◆ Exercise data:
-*-
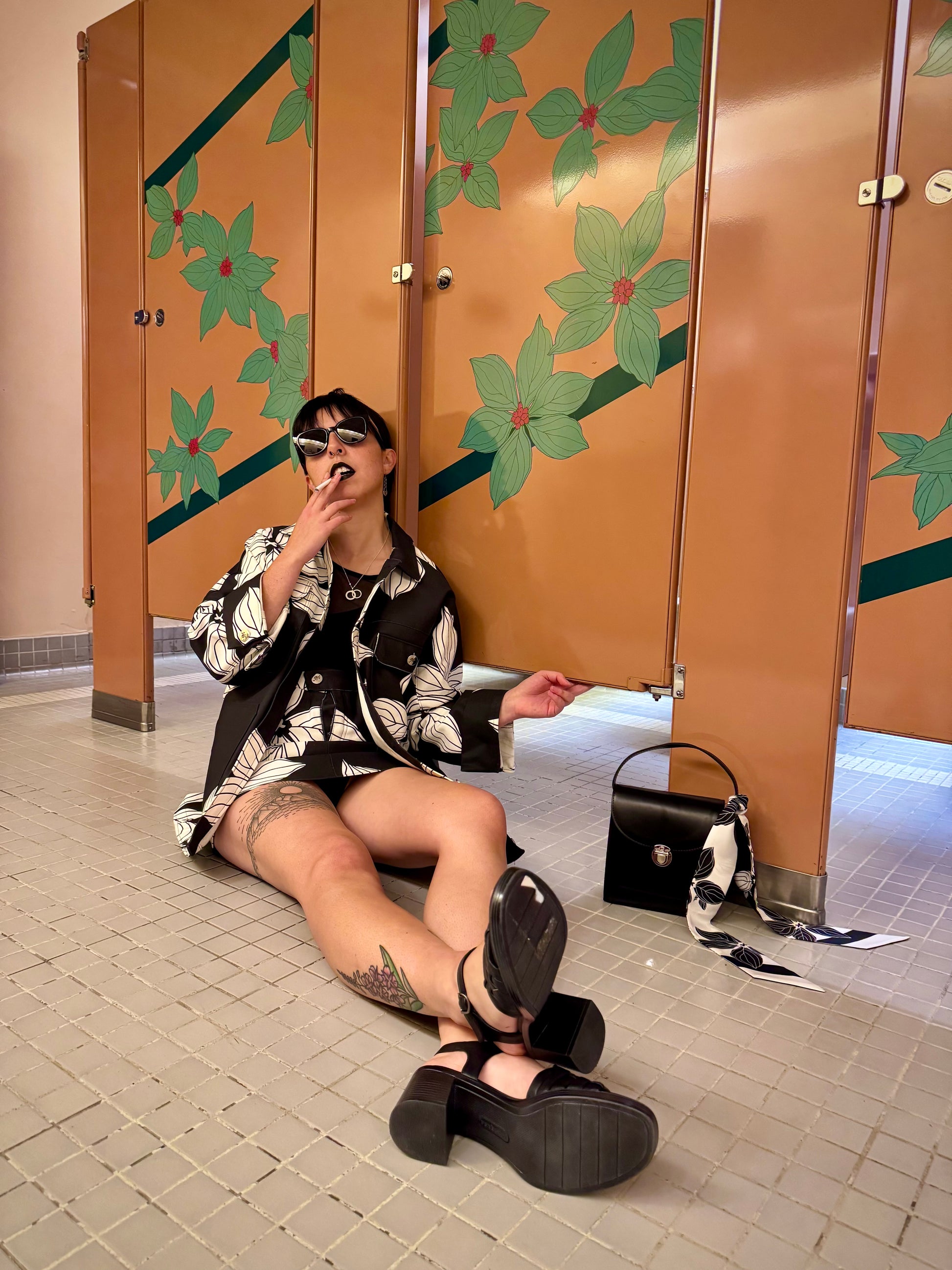 Inspired by the 1% for arts elements of the first-floor restroom of The Alaska Center for Performing Arts (PAC), this black and white silk scarf is a timeless and versatile print that features an unexpectedly tropical Alaskan Dogwood flower print.
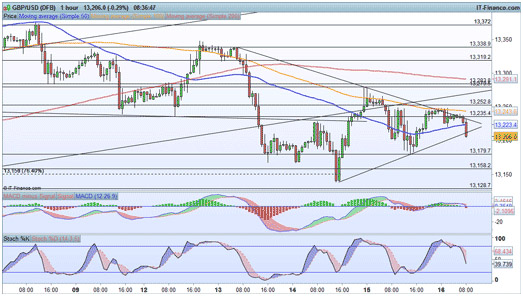GBP/USD resurgence coming into questionGBP/USD is turning lower from trendline resistance this morning, with the pair trading within a symmetrical triangle formation. We are breaking through trendline support, yet the key here is the ability to post an hourly close below $1.3179 (for a bearish outlook) or above $1.3279 (to provide a bullish short-term outlook).
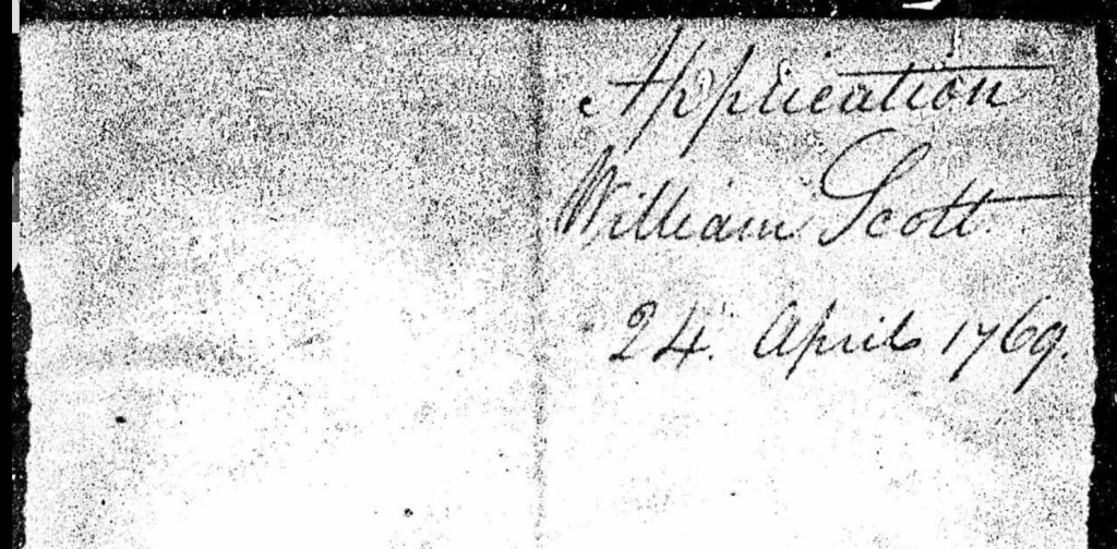 On the 1785 Tax and Exoneration Lists, it lists: William Scott being taxed on owning 200 acres of land, 2 horses, 3 cows, 1 still. There is a John Scott, Sr., possibly a son, owning 200 acres, 4 horses, and 2 cows.
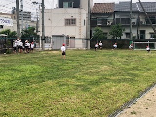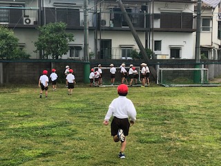 早速、休み時間に子どもたちが芝生で楽しく気持ちよく遊んでいました。
-*-
◆ What needs to be done:
Your answer should reproduce every line of the data verbatim and include no images.

◆ Reply to the exercise:
 Inspired by the 1% for arts elements of the first-floor restroom of The Alaska Center for Performing Arts (PAC), this black and white silk scarf is a timeless and versatile print that features an unexpectedly tropical Alaskan Dogwood flower print.
GBP/USD resurgence coming into questionGBP/USD is turning lower from trendline resistance this morning, with the pair trading within a symmetrical triangle formation. We are breaking through trendline support, yet the key here is the ability to post an hourly close below $1.3179 (for a bearish outlook) or above $1.3279 (to provide a bullish short-term outlook).
 On the 1785 Tax and Exoneration Lists, it lists: William Scott being taxed on owning 200 acres of land, 2 horses, 3 cows, 1 still. There is a John Scott, Sr., possibly a son, owning 200 acres, 4 horses, and 2 cows.
 早速、休み時間に子どもたちが芝生で楽しく気持ちよく遊んでいました。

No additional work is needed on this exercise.